Extracted records ▸
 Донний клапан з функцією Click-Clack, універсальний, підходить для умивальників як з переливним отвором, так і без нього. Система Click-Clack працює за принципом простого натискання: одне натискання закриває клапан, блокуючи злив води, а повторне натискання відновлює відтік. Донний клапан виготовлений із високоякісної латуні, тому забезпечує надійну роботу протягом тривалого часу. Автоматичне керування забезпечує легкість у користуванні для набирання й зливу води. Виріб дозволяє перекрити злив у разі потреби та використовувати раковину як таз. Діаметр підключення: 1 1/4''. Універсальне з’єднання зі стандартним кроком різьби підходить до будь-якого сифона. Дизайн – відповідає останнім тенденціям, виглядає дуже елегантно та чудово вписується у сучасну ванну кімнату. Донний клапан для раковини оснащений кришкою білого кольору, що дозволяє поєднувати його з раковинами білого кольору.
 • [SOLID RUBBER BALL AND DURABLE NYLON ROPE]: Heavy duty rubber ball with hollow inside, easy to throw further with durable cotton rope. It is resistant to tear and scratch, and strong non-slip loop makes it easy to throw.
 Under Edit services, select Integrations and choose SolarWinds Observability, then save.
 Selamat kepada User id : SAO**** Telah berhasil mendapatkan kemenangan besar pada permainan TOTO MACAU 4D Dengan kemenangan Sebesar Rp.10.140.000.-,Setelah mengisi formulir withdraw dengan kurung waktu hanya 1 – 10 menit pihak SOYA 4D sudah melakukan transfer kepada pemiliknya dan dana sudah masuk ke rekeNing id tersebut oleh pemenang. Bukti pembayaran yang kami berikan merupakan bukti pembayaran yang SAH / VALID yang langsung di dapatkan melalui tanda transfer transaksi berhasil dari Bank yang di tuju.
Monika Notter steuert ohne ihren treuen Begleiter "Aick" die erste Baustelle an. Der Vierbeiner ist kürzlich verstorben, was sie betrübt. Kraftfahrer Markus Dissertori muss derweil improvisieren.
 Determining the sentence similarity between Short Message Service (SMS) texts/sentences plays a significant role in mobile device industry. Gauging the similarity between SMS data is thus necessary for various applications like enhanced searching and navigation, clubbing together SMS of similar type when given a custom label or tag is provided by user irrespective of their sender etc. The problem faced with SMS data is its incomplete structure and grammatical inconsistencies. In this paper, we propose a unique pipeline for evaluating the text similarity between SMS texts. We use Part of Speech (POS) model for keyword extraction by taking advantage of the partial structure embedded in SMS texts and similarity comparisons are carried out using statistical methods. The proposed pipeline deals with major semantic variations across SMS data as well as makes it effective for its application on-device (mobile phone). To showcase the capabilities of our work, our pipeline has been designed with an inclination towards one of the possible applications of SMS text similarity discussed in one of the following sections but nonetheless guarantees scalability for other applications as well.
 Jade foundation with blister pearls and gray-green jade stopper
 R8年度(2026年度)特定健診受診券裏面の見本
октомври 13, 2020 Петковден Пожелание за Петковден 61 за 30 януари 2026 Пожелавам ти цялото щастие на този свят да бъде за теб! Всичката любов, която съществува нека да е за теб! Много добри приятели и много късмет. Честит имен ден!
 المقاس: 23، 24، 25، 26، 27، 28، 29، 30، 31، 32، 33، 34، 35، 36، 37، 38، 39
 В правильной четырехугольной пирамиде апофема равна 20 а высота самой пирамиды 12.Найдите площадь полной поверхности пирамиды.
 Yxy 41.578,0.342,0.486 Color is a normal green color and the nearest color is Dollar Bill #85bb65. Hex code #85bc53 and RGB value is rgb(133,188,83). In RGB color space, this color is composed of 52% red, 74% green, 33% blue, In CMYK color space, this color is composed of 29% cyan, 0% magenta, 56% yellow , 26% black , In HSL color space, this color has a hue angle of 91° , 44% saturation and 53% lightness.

What you have to do ▸ In the data above, start at the line that has "easy to throw.", stop after the line that has "Monika Notter steuert", and print every line in between exactly as it stands.

Exercise response ▸
 • [SOLID RUBBER BALL AND DURABLE NYLON ROPE]: Heavy duty rubber ball with hollow inside, easy to throw further with durable cotton rope. It is resistant to tear and scratch, and strong non-slip loop makes it easy to throw.
 Under Edit services, select Integrations and choose SolarWinds Observability, then save.
 Selamat kepada User id : SAO**** Telah berhasil mendapatkan kemenangan besar pada permainan TOTO MACAU 4D Dengan kemenangan Sebesar Rp.10.140.000.-,Setelah mengisi formulir withdraw dengan kurung waktu hanya 1 – 10 menit pihak SOYA 4D sudah melakukan transfer kepada pemiliknya dan dana sudah masuk ke rekeNing id tersebut oleh pemenang. Bukti pembayaran yang kami berikan merupakan bukti pembayaran yang SAH / VALID yang langsung di dapatkan melalui tanda transfer transaksi berhasil dari Bank yang di tuju.
Monika Notter steuert ohne ihren treuen Begleiter "Aick" die erste Baustelle an. Der Vierbeiner ist kürzlich verstorben, was sie betrübt. Kraftfahrer Markus Dissertori muss derweil improvisieren.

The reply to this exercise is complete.